ESET Threat Report H2 2025

AI’s transition from a research curiosity to a weaponized tool reshaped the threat landscape in H2 2025. PromptLock demonstrated that generative models can craft malicious code on the fly, lowering the barrier for sophisticated ransomware campaigns. While AI continues to dominate phishing and deep‑fake scams, its integration into malware pipelines signals a new arms race where defenders must anticipate algorithmic adaptations rather than static signatures.

At the same time, traditional malware families showed divergent trajectories. Lumma Stealer, once a prolific credential thief, saw an 86% detection decline as its HTML/FakeCaptcha delivery method evaporated, suggesting successful disruption by security vendors.
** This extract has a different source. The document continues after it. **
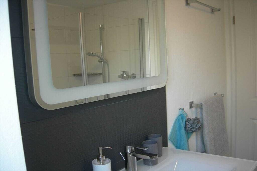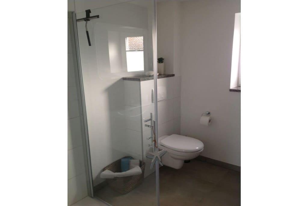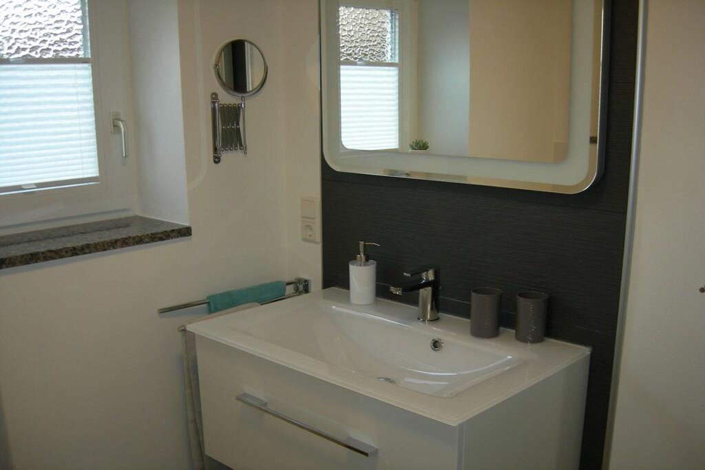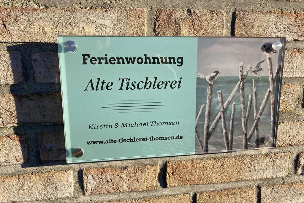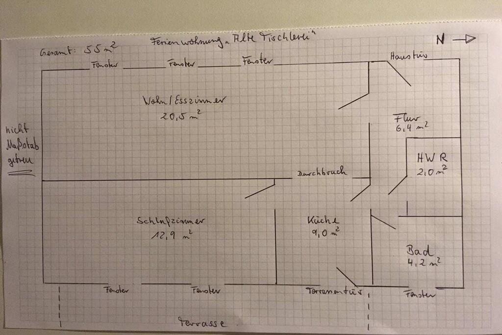 Modern, ebenerdige Ferienwohnung - 55 m²- rechts neben dem Haupthaus - ideal für 2 Gäste. Gemütliches Wohnzimmer mit ausziehbarer Wohnlandschaft, rustikaler Esstisch und Schwingstühlen. Durchgang zur modernen neuen Einbauküche mit Allem was dazugehört, Spülmaschine, Kühl-Gefrierkombination, Ceran Kochfeld- Backofen, Kaffee -Pad Maschine. Die Küchenausgangstür führt zur 15 m² gepflasterten mit Weidenplatten abgegrenzten Terrasse - im Sommer mit einem Pavillon überdacht- mit Blick nach Osten in den blühenden Obst-Blumengarten zum Genießen und Relaxen! Ein Schlafzimmer mit geschmiedetem Doppelbett und geräumigen Schrank. Das neue Bad besteht aus einer ebenerdiger Dusche, Hänge WC und Glasspültisch. Ein geräumiger Flur mit Sitzbank und angrenzendem HWR runden die gemütliche Atmosphäre in der - Alten Tischlerei- ab.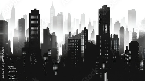 Fototapeta premium A breathtaking architectural scene with towering skyscraper silhouettes...

Conversely, CloudEyE (GuLoader) surged nearly thirty‑fold, operating as a malware‑as‑a‑service platform that distributes ransomware, infostealers like Rescoms and Agent Tesla, and acts as a cryptor. This shift underscores the growing commoditization of threat tools, enabling low‑skill actors to launch high‑impact attacks with minimal infrastructure.

Ransomware volumes eclipsed 2024 levels, with a projected 40% year‑over‑year increase. Established RaaS players Akira and Qilin solidified market share, while newcomers such as Warlock introduced novel evasion techniques that bypass endpoint detection and response (EDR) solutions. The emergence of HybridPetya, a UEFI‑targeting derivative of the infamous NotPetya, raises concerns about firmware‑level persistence. Parallelly, Android NFC threats rose 87%, and investment scams like Nomani leveraged AI‑generated deepfakes, highlighting the multi‑vector nature of modern cyber risk. Organizations must therefore adopt layered, AI‑aware security architectures and prioritize threat‑intel integration to stay ahead of these evolving attacks.